Anti-OJ antibody-positive anti-synthetase syndrome with repeated arthritis, fever, and recurrent liver cancer: a case report

BACKGROUND: Anti-isoleucyl-transfer RNA synthetase (anti-OJ) autoantibody-positive anti-synthetase syndrome (ASS) is a rare systemic autoimmune disease that manifests as an inflammatory myopathy and interstitial lung disease. We present a case of an anti-OJ antibody-positive ASS, with recurrent joint pain and fever, significantly elevated inflammatory markers, occult myositis but no interstitial pneumonia. This clinical presentation of an anti-OJ antibody-positive ASS has not been reported before. CASE DESCRIPTION: A 75-year-old male, was admitted to our hospital complaining of recurrent joint pain for more than 1 year, recurrent fever for 6 months, and recurrence of joint pain and fever for 1 week. The patient had a history of chronic viral hepatitis B, hepatocellular carcinoma (HCC) surgery 11 years ago, hypertension and type 2 diabetes. In the past year, the patient visited Departments of orthopedics, Infectious Medicine and rheumatology for many times, and has undergone positron emission tomography-computed tomography (PET-CT), bone marrow puncture and other examinations, but the cause was still unknown. On admission, physical examination showed that the temperature was 39.6 ℃, and there was tenderness in multiple joints and muscles, such as the left ankle, the right shoulder, the left wrist, biceps brachii and quadriceps femoris, and so on.

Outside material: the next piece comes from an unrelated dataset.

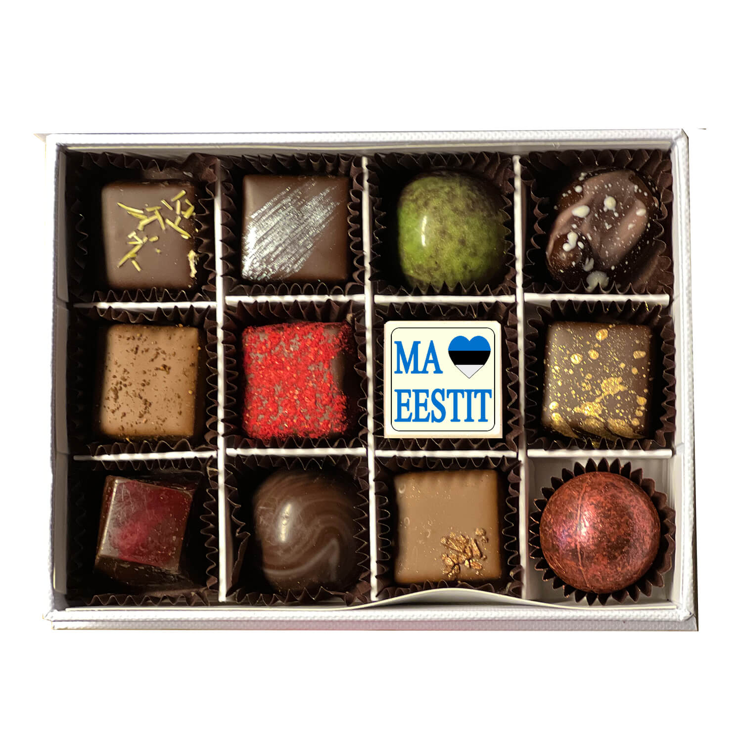 Elegantne käsitööšokolaadide kollektsioon, mille karpi kaunistab Konrad Mägi maal „Ma armastan Eestit!“. Karp sisaldab 16 erineva maitsega šokolaadikommiga assortiid, kus kohtuvad marjad, pähklid, karamell ja muud hoolikalt valitud koostisosad. Iga komm on Chocolala meistrite käsitöö, mis pakub nii maitset kui ka visuaalset naudingut – kunst ja šokolaad ühes kingituses.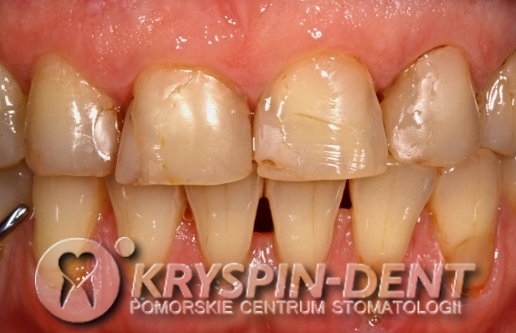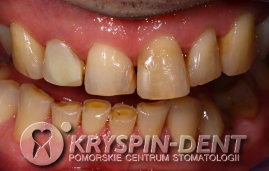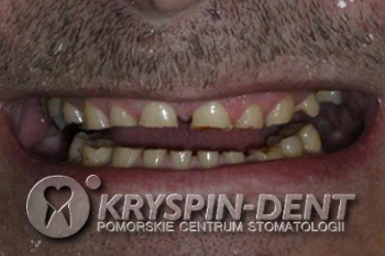 Pacjent miał bardzo krzywe i starte zęby. Ponadto na górze i na dole brakowało kilku zębów. Problemem była również choroba przyzębia, która była przyczyną stanu zapalnego i krwawienia dziąseł. Bardzo ważne dla Pacjenta było uniknięcie zaawansowanych zabiegów chirurgicznych (wstawienie implantów).

The laboratory results showed white blood cell (WBC) count of 30,500/µL (neutrophils: 90.1%), C-reactive protein (CRP): 140.79 mg/dL, Creatine Kinase and creatine kinase-MB were normal. Because of the muscle tenderness, myositis antibody tests were performed and the anti-OJ autoantibody was positive. Asking the medical history in detail, the patient had myasthenia, which was covered up due to prominent joint pain and fever. The patient had no interstitial pneumonia and mechanic’s hand. Recurrent hepatocellular carcinoma was confirmed 1 year after the diagnosis of ASS, and the clinical symptoms were relieved after surgical resection. CONCLUSIONS: We report this rare case of anti-OJ antibody-positive ASS with atypical manifestations to raise awareness of the disease for clinicians. For patients with recurrent unexplained arthritis with fever, we should consider ASS, and myositis antibody tests should be performed if necessary. Patients with a history of tumours should be monitored for tumour recurrence.